The key to opening the market, according to Quinn, is education. “It's a matter of cardiologists looking at sleep disorders,” he says. “Respironics and ResMed have really done a good job of waking people up and bringing sleep disorders to the attention of physicians.”

According to Quinn, things in the sleep disorder market are moving in the right direction. “All you have to do is watch TV,” he says. “Sleep disorders are a high profile problem right now in the United States.”

A Call for Standards in Home Diagnosis of Sleep Disorders

LEADING MANUFACTURERS IN the sleep disorder market would like to see growth in the diagnosis of sleep disorders in the home, but they don't know how or where to begin, according to Tim Quinn, vice president of alternative care at Viasys Health Care.

“To diagnose the number of patients out there without putting [these patients] in a sleep lab, we need to know how. What are the requirements for home diagnosis of sleep disorders? What's the right device to put out there?” Quinn asks.

Professional sleep society guidelines changed in June of this year, but professional sleep physicians still need to make it clear how to diagnose a patient with a sleep disorder, Quinn continues. For example, when diagnosing OSA, “Exactly how many channels are necessary?” he asks. “Is it four channels? Six channels? Twelve channels?”

Currently, manufacturers are making devices that offer as few as two and as many as 12 channels.

“We need guidelines,” Quinn concludes. “Someone needs to set the standards.” And some manufacturers agree that with the establishment of standards, diagnosis — and the sleep-disorder market — will take off.

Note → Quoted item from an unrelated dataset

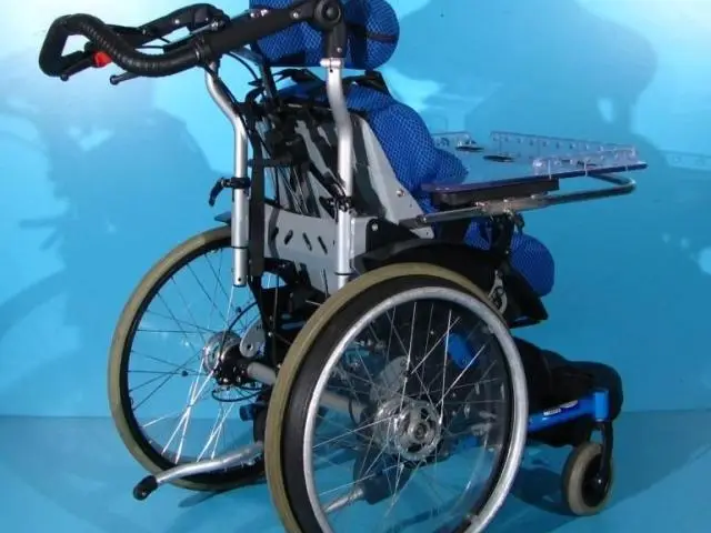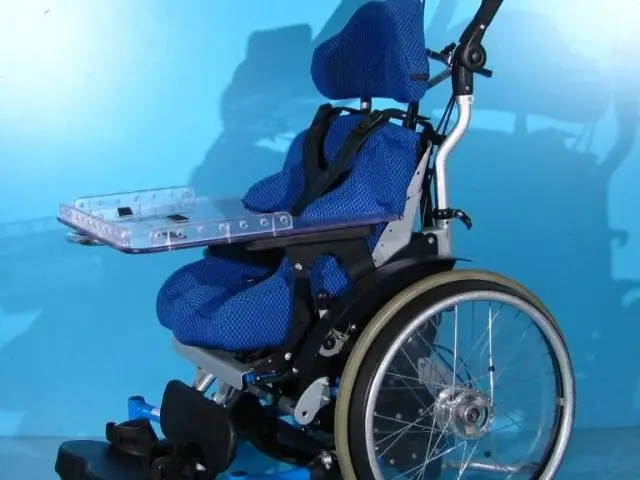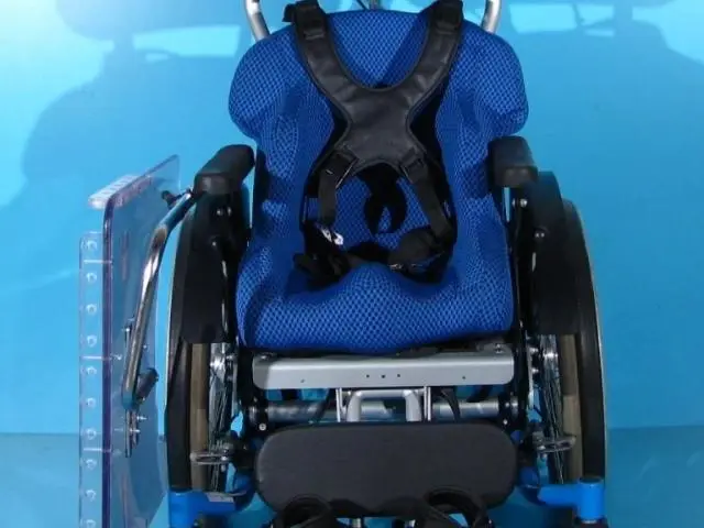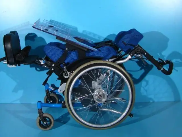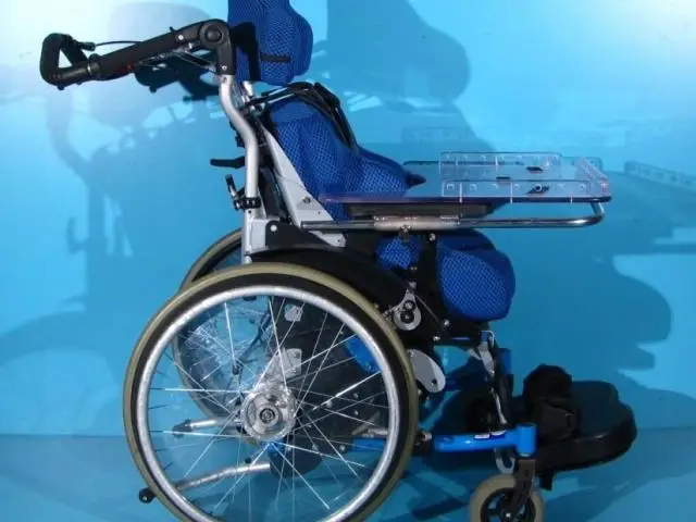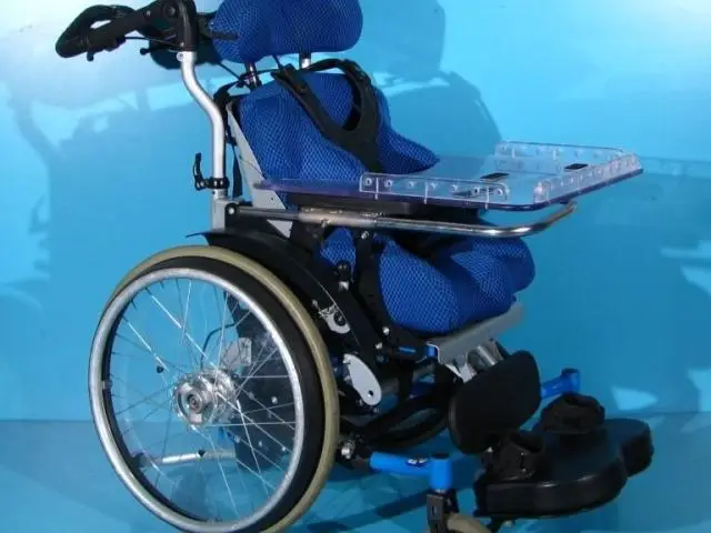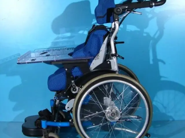 Carucior pentru copii cu handicap second hand nepliabil cu detasare rapida a rotilor, destinat deplasarii persoanelor cu handicap locomotor, si cu mobilitate scazuta.

Experts Interviewed: Rich Kocinski, vice president and general manager of Longmont, Colo.-based Devilbiss; Steve Moore, director of marketing for Laguna Hills, Calif.-based Fisher & Paykel Healthcare; Tim Quinn, vice president of alternative care at Yorba Linda, Calif.-based SensorMedics/Viasys Health Care; Ron Richard, vice president of marketing for the Americas for Poway, Calif.-based ResMed; Kelly Rudolph, marketing manager for Kansas City, Miss.-based HANS Rudolph; and Mike West, senior product manager for Temecula, Calif.-based Hudson RCI.